Generate Livebooks with an LLM

So many loops…

Livebooks are a great way to explore code, run examples, and learn interactively. Funx is fully documented, so what would it take to turn its docs into Livebooks?

There are plugins that convert docs automatically, but I wanted slightly different results: cleaner imports and file organization that made sense inside the Livebook interface.

That left two options: fork a plugin and build a bespoke tool for Funx, or run the output and fix it by hand. Neither felt worth it. A plugin wouldn’t pay back the effort, and hand-editing breaks my first rule: never maintain docs in two places. And for the love of Pete, never do it by hand.

So I wondered. Could an LLM, stochastic by nature, act like a deterministic build tool? And could it do that without burning through a day’s worth of tokens?

The answer was: sort of.

Livebook example

Livebooks

My favorite way to run a group of Livebooks is locally with Docker.

Clone funx:

git clone https://github.com/JKWA/funx.git
cd funx

Start Livebook using Docker Compose:
```
docker compose up
```
Open your browser to http://localhost:8090
Login password:
```
funxlib_12char
```

You can also open them in your installed Livebook

Training the LLM

The LLM had to learn how to transcribe, verify, and refine its output through repeated passes.

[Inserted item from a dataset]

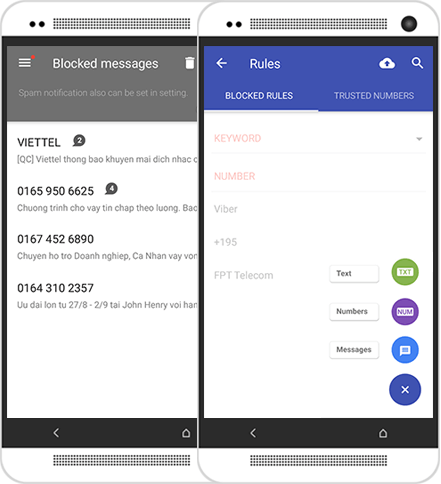 Cho phép tạo luật chặn tin nhắn theo số điện thoại, từ khóa.

Each loop slightly improved the usage rules—because we weren’t just generating Livebooks, we were building the tool that would.

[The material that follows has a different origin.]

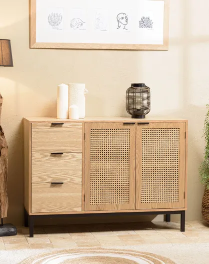 Buffet 3 tiroirs 2 portes cannage pieds métal marceau naturel - 110x40x78.5 cm
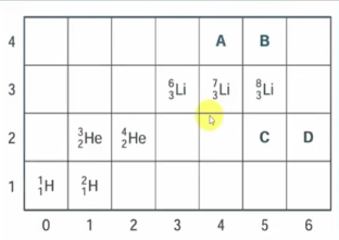 Bảng bên cho thấy một số hạt nhân được sẳp xếp theo số proton và số notron trong mỗi hạt. Một hạt nhân của hạt nhân ${}_{3}^{8}\text{Li}$ phân ră $\beta$-, hạt nhân thu được ở vị trí nào trên bảng ?

Start small: set a reasonable starting context

Confirm it understands Livebook
Show one .ex file and verify it sees the docs
Set output target: livebooks/ and mirror the lib/ tree
Generate one Livebook file
Have it self-evaluate to see if it can tell when it makes mistakes
Give feedback and correct mistakes together
Have it create usage-rules.md and write its context
Review and clarify the usage rules
Repeat with a new small file

Focus on transcription: transcription mistakes are worse than Livebook formatting mistakes

Review the rules and focus on transcribing exactly, no rewrites
Run on the generated file, have it self-evaluate
Provide feedback, fix issues, rerun until consistent
Have it update usage-rules.md, then review
Work on a new, slightly larger file
Repeat until it gets it right and can verify its work

Scale up: avoid burning tokens due to inefficiency

Ask it to find the most efficient strategy for accomplishing its task
Confirm and adjust
Start with a few files, have it confirm its work
Have it update usage-rules.md
Repeat with larger batches

Crawl: evaluate periodically, not for every file

Process all .ex files
At intervals, have it self-evaluate and correct
Have it update usage-rules.md
Repeat until the crawl is complete

Double-check: it’s an LLM, so it will miss something

Look for patterns of mistakes
Ask the LLM to recognize, fix, and confirm
Have it find the most efficient strategy for finding and fixing mistakes
Run across all files
Repeat as needed until errors are reduced

Takeaway

The LLM never became deterministic. It was the usual story, helpful but not perfect. But by prioritizing transcription above all else, it was more likely to get that part right.

I wonder if an LLM can use git diff to reprocess when docs change?